There are 10 updates!! Each one detected, downloaded and installed individually! WTF? Takes an hour, and half a gigabyte of downloads. Why can't the updater recognize "you have version 10.0.0, current version is 10.1.10, I'll download a combo update of 10.1.10"? No, it installs every incremental update, one by one.
 
Funny .. recently I did re-install Win XP Pro on one of my machines. The install DID take ~1 an hour, then there was like 300MB of upgrades .. and that was it. After adding drivers etc, I wasn't occupied more than 2.5 hours .. not sure what your guy is doing :confused:
And another thing still just being ignored here.

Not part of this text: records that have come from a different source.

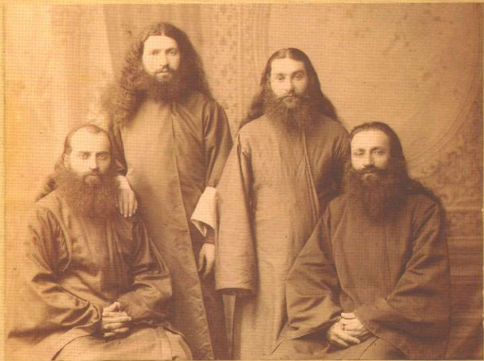
"კარბელაანი ყილო" სეალოტლოჭი
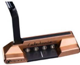
Caledonia Vidi Vici – Copper Rose – ab 990,- € (UVP)
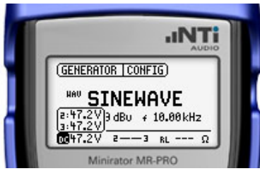
Minirator MR-PRO 幻象电源量测屏幕
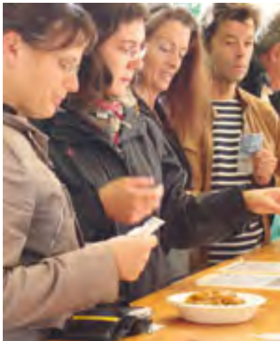
Les visiteurs font la queue.
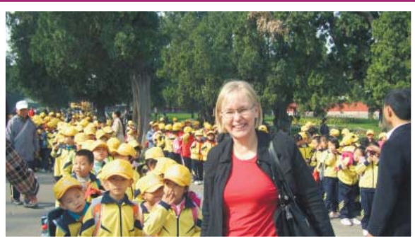
Ulla ollut luomassa kansainvälistä koulu yhteistyötä eri maihin niin itään kuin länteen. Kuva Kiinasta.
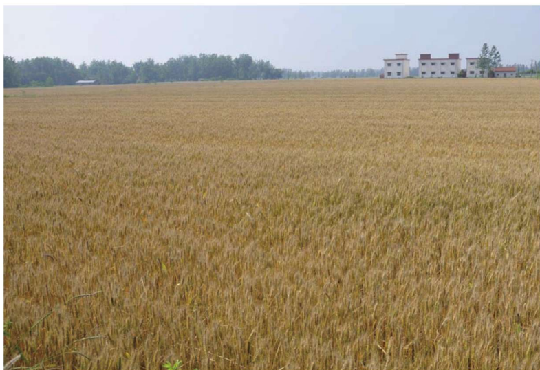
河南省潢川县毛围子村小麦高产创建 示范田 品种豫麦70-36
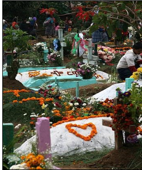
Fot. 2. „Biedniejsze” nagrobki zmarłych.
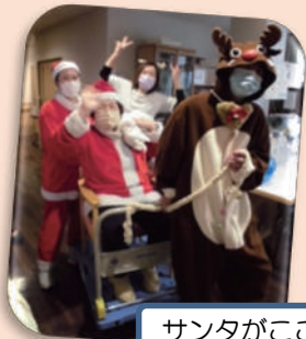
サンタがここにやってきました!
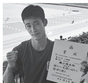
(インターハイ後の)県高校ユース陸上では、15m16cmで大会新記録
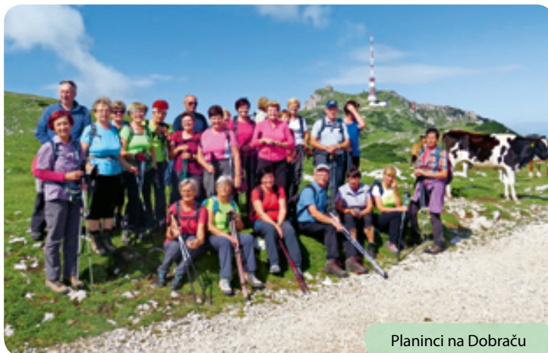
Planinci na Dobraču
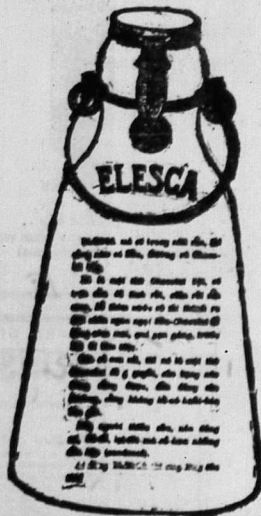
Có thể bán tại nhà thuốc SOLAIRE.

HÀNG L'U. C. I. A. 21, Đường kinh lý, Saigon

MacOS is just for very very specific hardware. While most other OS are for ALL kinds of hardware or even platforms.

Thats pretty much it. When you think about it, Apple and Microsoft are very similar. Microsoft wants to monopolize your software, while Apple hopes to monopolize your hardware. With fanbois on each side trying to defend and justify the hundreds, if not thousands of dollars they already spent.
 
Funny .. recently I did re-install Win XP Pro on one of my machines. The install DID take ~1 an hour, then there was like 300MB of upgrades .. and that was it. After adding drivers etc, I wasn't occupied more than 2.5 hours .. not sure what your guy is doing :confused:
And another thing still just being ignored here. MacOS is just for very very specific hardware. While most other OS are for ALL kinds of hardware or even platforms.

Remember this was updating Office as well. The system takes over the computer so you can't be doing other things while it is updating and heaven forbid if you leave it to update itself sure enough it'll ask a question so you better be close by. He ran Drive Cleanup and got back 38KB:roll:
Total time: 8 hours.
Not sure what you were doing corny. He had his antivirus shut off otherwise he would have been into day 2. Isn't there such a thing as a combo updater like Mac has?

PC's used to be called IBM's and compatibles. Are all PC's different now? If so how can they be compatible?